Subprime Automobile Loans in America

It is amazing how interconnected the modern financial world is. The lack of financial discipline by people from a certain industry is capable of throwing the entire world into chaos. The subprime mortgage crisis of 2008 which created the Great Recession is a testament to that fact. In the aftermath of the subprime mortgage crisis, rules were created to prevent such a situation from arising again. There are many regulators and media personnel that are paying attention to shady mortgage practices. Any issues are quickly reported and sorted out.

However, the auto lending industry is different. There is virtually no oversight and regulation for the entire industry as of now. This is the reason why risky lending practises have flourished in the auto industry. The fact is that several risky loans have already been made and many of these loans have already started becoming delinquent. Many analysts fear that an automotive subprime crisis might be there in the making. In this article, we will have a closer look at the factors which may be responsible for bringing about a subprime automobile mortgage crisis.

The Number of People Affected By These Loans

The subprime car loan crisis is by no means a crisis that will only affect a small number of people. The number of delinquencies is rising every day. As per the latest statistics, more than 7 million people are likely to face a problem making their car payments in 2019! Now, since people tend to stay in families and if we assume that on an average, there are 2.5 people in every family. We come to the startling realization that this crisis is likely to affect almost 17 to 18 million people, i.e. 5% of the American population.

Car Loans Start Underwater

Since car loans are not regulated, a lot of shady practices are still present in the market. For instance, in the case of home loans, the federal government decides the maximum loan to value ratio. This means that if a home is worth $100, banks will only be allowed to loan out $80 against it. This is done to ensure that the borrowers also have some skin in the game.

However, this is not the case with car loans. In order to sell more and more cars, many companies are willing to offer as much as 125% loan to value. This means that if a vehicle costs $100, companies are willing to include costs such as title transfer and accessories and hence will lend as much as $125 against this car.

This is obviously against the principle of sound lending. The car loan is underwater as soon as it is made. If the borrower does not pay the first payment and the car has to be repossessed immediately, the lender stands to lose money! However, lenders are still making such loans since they don’t expect to hold these loans on their books. These lenders are securitizing these loans and selling them to unwitting investors just like the subprime mortgages.

Car Loans Stay Underwater For Longer Duration

Not only do the car loans start underwater, but they also tend to stay underwater for a long period of time. This is because the average duration of car loans has increased from 48 months to 66 months. During the earlier months, the payments consist of most interest. Hence, the principal outstanding remains almost the same.
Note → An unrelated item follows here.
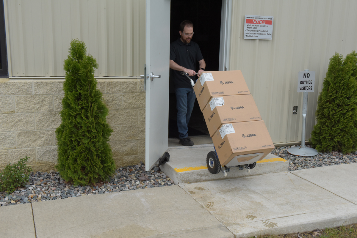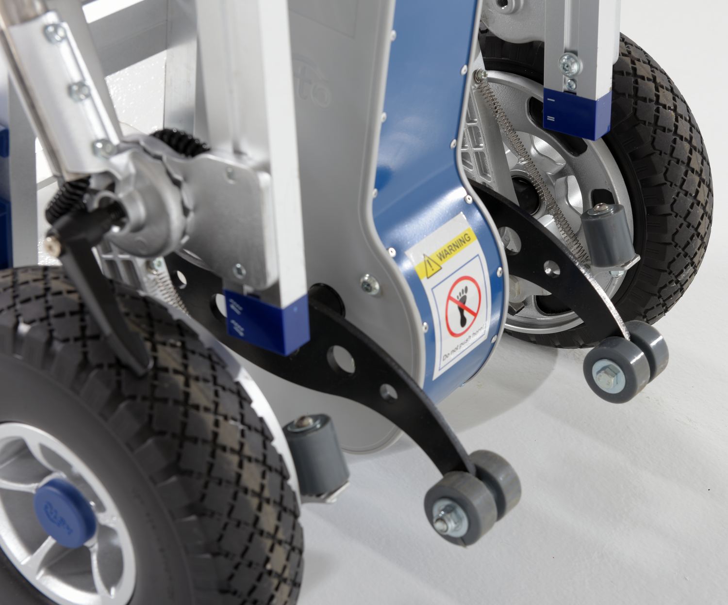 When objects are required to be moved up or down flights of stairs, the powered stair climber is the perfect asset. With the large ergonomic handle and tall upright aluminum alloy structure, a single user can transport goods with ease. A wide platform base gives the user the opportunity to transfer a variety of items whether they are heavy, light, large or small. When transferring goods down a set if stairs, the brake is automatically applied to ensure safety and consistent speed of movement. The powered design increases user safety and minimizes the labor associated with moving awkward items. This powered stair climber has two raise/lowering speeds. When not in use, the cart folds into a very compact design that is perfect for transporting in vehicles or storing away in closets. Large polyurethane wheel make traversing over a variety of surfaces as simple as can be.

At the same time, as the car is being used, its market value falls rapidly.

Hence, for a long period of time, the market value of the car remains significantly lower than the loan outstanding on the vehicle. In other words, the loans remain underwater for longer. Hence, if there was no impact on the credit rating of the borrower, it would simply be more prudent to abandon the loan. There is a need for regulations which limits the tenure for which car loans can be made to ensure that the loans always remain above water and the borrowers do not have a financial incentive to default.

Dealer Overage

Dealer overage is one of the many shady practices which are followed at car dealerships across America. Most borrowers are unaware that the interest rate that they pay on their car loans are negotiable. Hence, if they buy a car from a dealer, they can still take finance from other sources.

Taking advantage of this lack of knowledge, car dealerships sell these individuals loans which are more expensive. For instance, they send the credit profile of the borrower to a lender. The lender agrees to give a loan at 5%. However, using pressure tactics, these dealerships convince the borrower to pay a higher interest rate, for instance, 8%. In such cases, dealers receive cash kickbacks from the lenders. These kickbacks are significant and in many cases are more than the profit that the dealer earns by selling the vehicle in the first place.

The only problem is that only subprime borrowers who are unable to get a car loan otherwise accept such loan terms. Hence in order to get maximum commissions, the dealerships are increasing the number of subprime loans in existence.

The bottom line is that Americans are buying more cars. However, they are only putting down as much money as they did before. Hence, they are financing a large part of these loans by increasing the tenure. Also, the loans are being given to subprime borrowers, and the resultant portfolio is being securitized.